▸ **Problem to solve**:
Pictures in the records below must be left out. Return exactly the lines from the line with "FUJIFILM instax Mini" to the line with "Personalisiertes iPhone Gehäuse", both included.

▸ **Available data**:
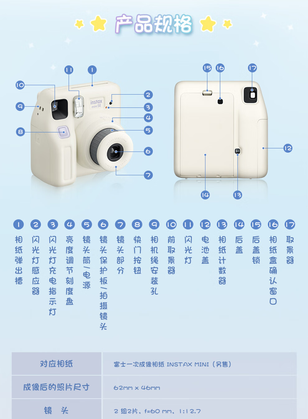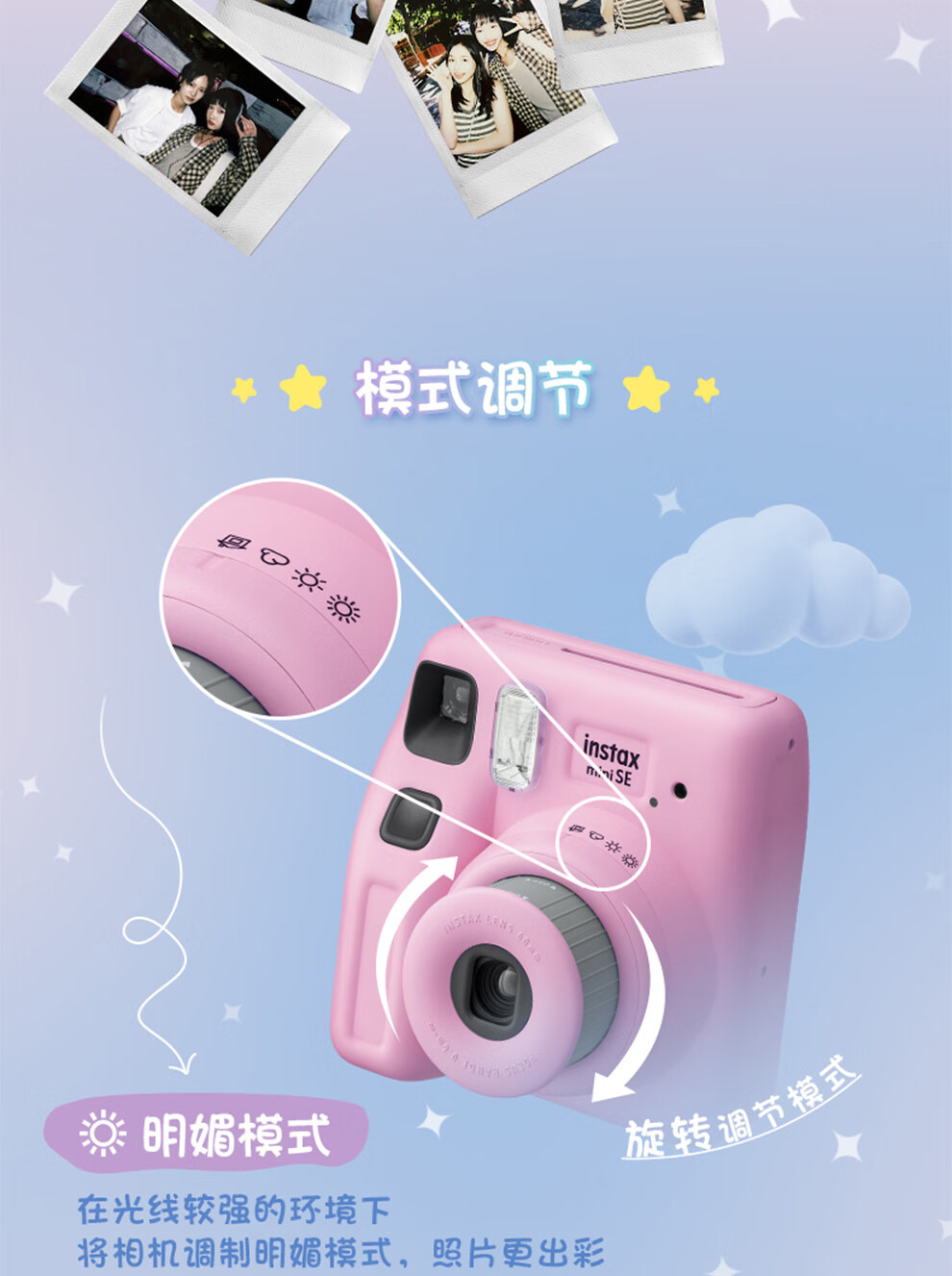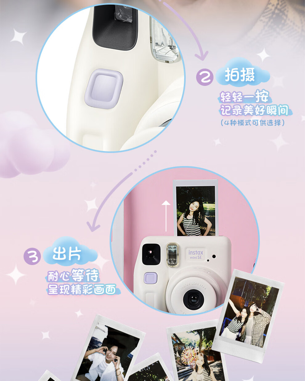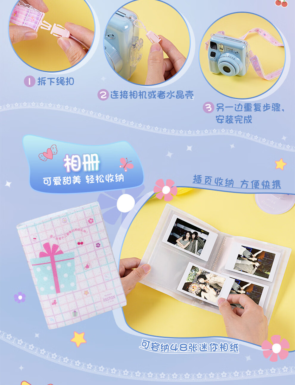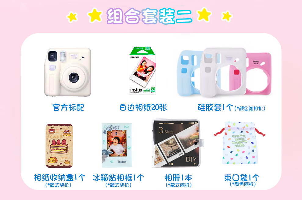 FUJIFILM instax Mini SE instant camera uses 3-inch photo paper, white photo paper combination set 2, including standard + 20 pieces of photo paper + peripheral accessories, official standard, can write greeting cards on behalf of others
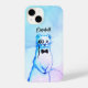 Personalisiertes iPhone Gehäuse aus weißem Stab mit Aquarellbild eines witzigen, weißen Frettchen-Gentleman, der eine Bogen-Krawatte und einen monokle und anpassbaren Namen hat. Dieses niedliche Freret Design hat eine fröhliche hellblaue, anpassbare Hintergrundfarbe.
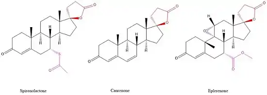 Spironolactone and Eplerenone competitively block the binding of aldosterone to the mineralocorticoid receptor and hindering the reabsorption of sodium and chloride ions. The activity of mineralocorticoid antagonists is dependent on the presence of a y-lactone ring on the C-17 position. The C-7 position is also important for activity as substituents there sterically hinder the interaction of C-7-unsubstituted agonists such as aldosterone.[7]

...

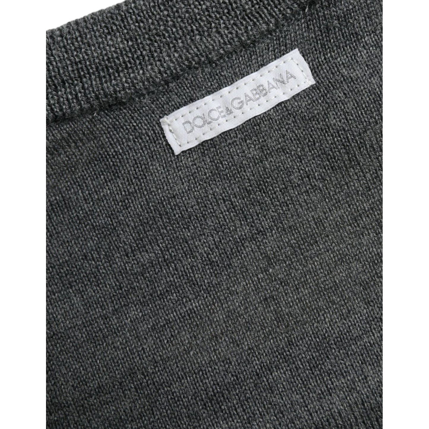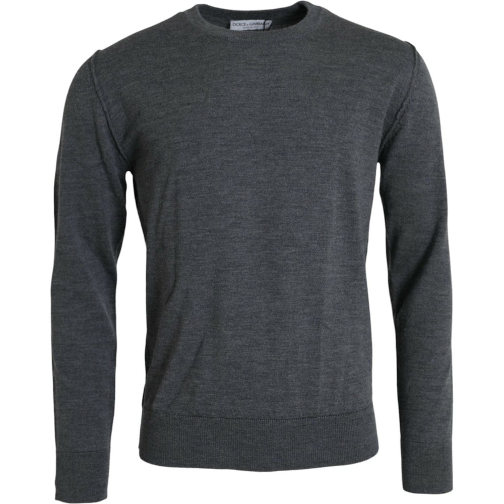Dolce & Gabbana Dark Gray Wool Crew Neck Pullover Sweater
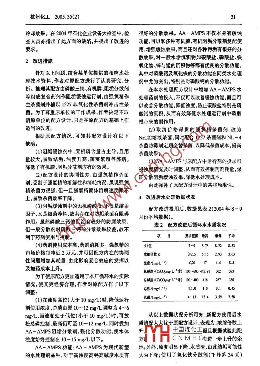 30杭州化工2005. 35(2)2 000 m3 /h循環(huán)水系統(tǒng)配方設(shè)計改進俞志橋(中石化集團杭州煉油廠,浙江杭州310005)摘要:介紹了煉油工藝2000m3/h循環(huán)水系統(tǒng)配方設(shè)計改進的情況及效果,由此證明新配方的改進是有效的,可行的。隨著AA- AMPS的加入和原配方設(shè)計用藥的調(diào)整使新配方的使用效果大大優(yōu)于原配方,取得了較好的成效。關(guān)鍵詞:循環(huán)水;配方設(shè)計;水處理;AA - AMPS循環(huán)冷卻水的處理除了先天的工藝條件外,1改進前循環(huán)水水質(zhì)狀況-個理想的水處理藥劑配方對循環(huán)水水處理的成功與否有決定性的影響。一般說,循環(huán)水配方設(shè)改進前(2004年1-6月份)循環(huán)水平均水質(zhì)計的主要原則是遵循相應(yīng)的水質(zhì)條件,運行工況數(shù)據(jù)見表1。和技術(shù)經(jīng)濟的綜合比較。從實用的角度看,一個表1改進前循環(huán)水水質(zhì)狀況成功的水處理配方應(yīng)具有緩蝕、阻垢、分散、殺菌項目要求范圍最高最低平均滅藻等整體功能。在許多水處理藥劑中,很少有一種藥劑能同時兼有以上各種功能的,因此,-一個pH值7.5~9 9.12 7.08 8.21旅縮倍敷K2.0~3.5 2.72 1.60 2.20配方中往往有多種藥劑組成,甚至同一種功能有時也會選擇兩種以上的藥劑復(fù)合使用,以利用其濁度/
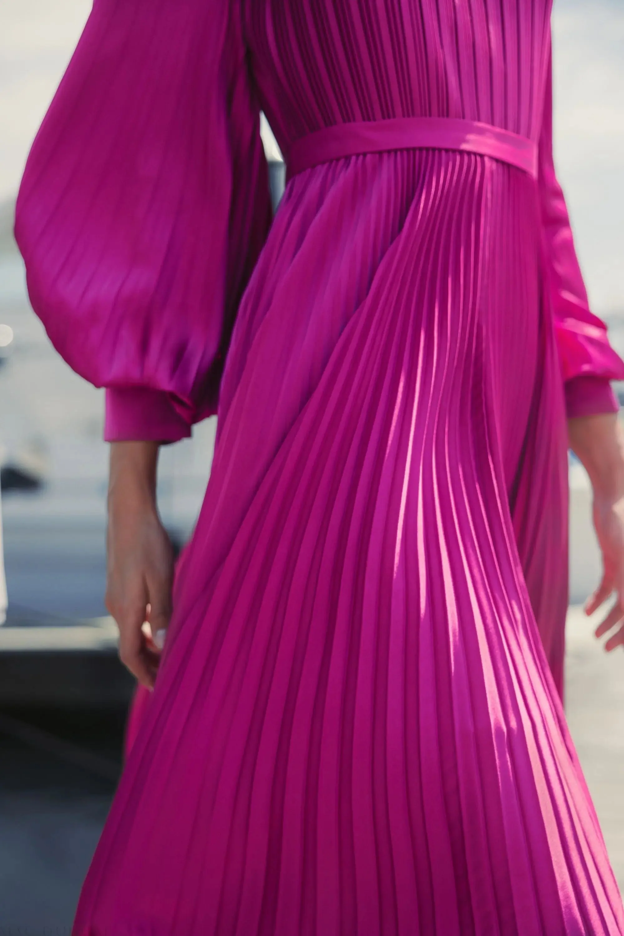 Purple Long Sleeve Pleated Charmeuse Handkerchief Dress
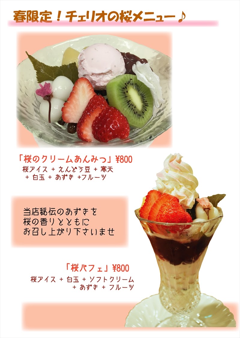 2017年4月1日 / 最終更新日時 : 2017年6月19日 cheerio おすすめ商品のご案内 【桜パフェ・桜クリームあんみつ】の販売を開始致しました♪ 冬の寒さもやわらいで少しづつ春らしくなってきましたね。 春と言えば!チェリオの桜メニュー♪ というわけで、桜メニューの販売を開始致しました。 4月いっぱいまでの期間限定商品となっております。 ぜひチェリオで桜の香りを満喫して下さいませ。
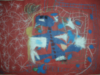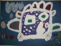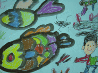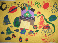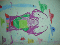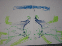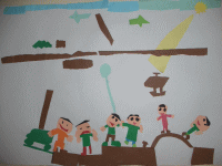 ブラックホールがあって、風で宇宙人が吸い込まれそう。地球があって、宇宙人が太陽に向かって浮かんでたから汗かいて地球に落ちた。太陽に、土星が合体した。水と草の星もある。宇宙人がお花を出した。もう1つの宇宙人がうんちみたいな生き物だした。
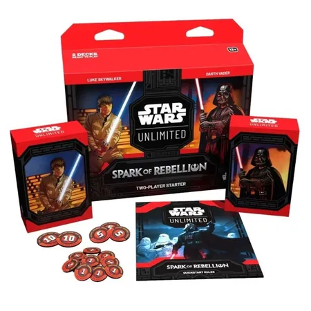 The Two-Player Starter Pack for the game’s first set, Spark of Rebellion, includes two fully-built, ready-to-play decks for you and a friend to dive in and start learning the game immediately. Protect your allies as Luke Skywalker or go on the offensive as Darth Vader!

▸ **Output**:
 FUJIFILM instax Mini SE instant camera uses 3-inch photo paper, white photo paper combination set 2, including standard + 20 pieces of photo paper + peripheral accessories, official standard, can write greeting cards on behalf of others
 Personalisiertes iPhone Gehäuse aus weißem Stab mit Aquarellbild eines witzigen, weißen Frettchen-Gentleman, der eine Bogen-Krawatte und einen monokle und anpassbaren Namen hat. Dieses niedliche Freret Design hat eine fröhliche hellblaue, anpassbare Hintergrundfarbe.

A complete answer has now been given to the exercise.